National park in Australia

The Warro National Park is a national park in Queensland, Australia with a size of 60 km2.

== Location ==
The Warro National Park is located in the Wide Bay–Burnett region in the Sunshine Coast about 340 km north of Brisbane and 185 km southeast of Rockhampton. The closest town is Gin Gin. From the city of Gin Gin, the park can be reached via the Bruce Highway in a northerly direction. After about 40 km, the highway runs 6 km in length parallel to the western national park border. In the south, the national park borders on Lake Monduran.
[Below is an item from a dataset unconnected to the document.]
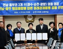 데일리연합 (SNSJTV) 김민제 기자 | 김영록 전라남도지사는 27일 “전남과 광주, 지역 정치권이 대한민국 광역통합 1호 특별시를 향한 역사적 대합의를 이뤄 전남광주특별시를 향한 여정을 시작한다”고 밝혔다. 김영록 지사는 이날 행정통합 명칭과 소재지 합의 관련 성명서를 통해 전라남도와 광주시를 넘어, 하나로 뭉친 ‘전남광주특별시’를 향한 대장정의 시작을 알렸다. 이날 국회에서 열린 광주·전남 통합특별법 검토 4차 간담회에선 행정통합 특별시 명칭을 ‘전남광주특별시’, 약칭을 ‘광주특별시’로 정하고, 주청사 지정 없이 전남 동부청사, 전남 무안청사, 광주청사, 세 곳으로 분산 운영하되, 이 순서대로 명기하기로 했다. 김영록 지사는 “논의 과정에서 약칭을 광주특별시로 하는 것은 자칫 주사무소를 광주로 두겠다는 신호로 비칠 수 있다는 우려를 제기했다”며 “그러나 오월정신의 숭고한 역사를 전남이 온전히 품겠다는 대승적 결단으로, 이를 포용적으로 수용했다”고 말했다. 민주화의 성지 ‘광주’라는 이름을 320만 시도민 모두의 자산으로 승화시켜 대한민국 광역통합 1호 특별시의 품격을 완성하겠다는 각오다. 특

However, there are no visitor facilities.

The national parks of Bania, Bulburin, Littabella and Mount Colosseum are nearby.

== Flora and fauna ==
The national park protects an up to 410 meters high, dry rainforest and an eucalyptus forest.

The park is home to numerous birds, especially the coconut lorikeet (Trichoglossus haematodus moluccanus), the rufous whistler (Pachycephala rufiventris), the grey shrikethrush (Colluricincla harmonica) and the noisy friarbird (Philemon corniculatus). The frogs often include species from Hylidae and Australian common frog families, such as Platyplectrum ornatum. In addition, some endangered plant species are native to the park, such as Argophyllum nullumense, Kunzea flavescens and Eucalyptus decolor.